Perfect Plus sales grew 19% in the June quarter, driven by growth in Rajasthan, Madhya Pradesh, Uttar Pradesh, Maharashtra, and West Bengal. Sales of Unique Plus grew 37% during the quarter. Sales in the east grew 18%, followed by the west at 15%. In the central and northern regions, sales grew 7-8%.
Birla Corporation is focused on improving efficiency and reducing its environmental impact. The company is increasing its consumption of green power, with the share of green power in total power consumption reaching 24.8% in financial year 2024-25 and 27% in the June quarter of the current year. The company is also three times water positive and is undertaking afforestation drives, planting more than 80,000 trees in and around its manufacturing facilities in the last financial year.
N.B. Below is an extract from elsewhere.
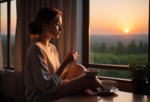 Người phụ nữ uống trà đen bên cửa sổ trong buổi hoàng hôn, thư giãn sau giờ làm việc.
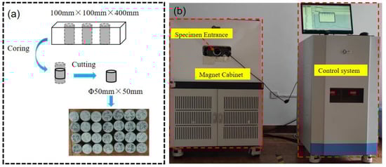 After every 50 F–T cycles, the nano-TiO2 concrete specimens (measuring 100 mm × 100 mm × 400 mm) were removed from the F–T testing machine. Cylindrical samples with a diameter of 50 mm and height of 50 mm (as shown in Figure 6a) were obtained using core drilling, with three cylindrical specimens prepared for each concrete specimen. Finally, the prepared NMR samples were vacuum-saturated with water for 24 h to ensure that their internal pores were fully saturated. The pore structure characteristic parameters of the photocatalytic concrete specimens (Φ50 mm × 50 mm) were then measured using a MesoMR23-060H-I NMR tester (Figure 6b).

The MP Birla Group is committed to serving society, especially the weaker sections. The group is expanding its educational institutions and healthcare establishments, including the addition of Bombay Hospital, Jaipur, a multi-specialty hospital with 250 beds. The group's CSR initiatives are spread across 410 villages in six states and benefit at least 1.25 million people.
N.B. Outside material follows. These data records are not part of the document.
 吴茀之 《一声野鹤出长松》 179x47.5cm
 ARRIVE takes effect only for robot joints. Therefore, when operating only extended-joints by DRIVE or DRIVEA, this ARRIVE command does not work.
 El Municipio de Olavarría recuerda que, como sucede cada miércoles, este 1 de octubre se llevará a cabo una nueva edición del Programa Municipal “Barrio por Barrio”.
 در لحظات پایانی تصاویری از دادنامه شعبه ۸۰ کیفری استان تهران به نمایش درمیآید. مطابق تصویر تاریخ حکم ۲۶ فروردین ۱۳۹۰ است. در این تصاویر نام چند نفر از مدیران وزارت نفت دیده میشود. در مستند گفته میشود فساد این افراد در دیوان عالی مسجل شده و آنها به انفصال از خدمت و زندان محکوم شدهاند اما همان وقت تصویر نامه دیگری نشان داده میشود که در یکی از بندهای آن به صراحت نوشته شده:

Birla Jute Mills, the only operating jute mill under the same management since 1919, is focused on improving its operations and profitability. The company is working on raw jute procurement, conversion cost, and order execution. It is also extending its drive to increase the use of green power and is setting up a solar power generation facility. Birla Jute Mills is retiring old looms and replacing them with advanced machines to increase productivity and cut operating costs.
Birla Jute Mills has delivered cash profits as sales grew sharply and operations became more efficient in the past two quarters. The company is also collaborating with various institutes with the aim of developing more varieties of value-added jute products through research.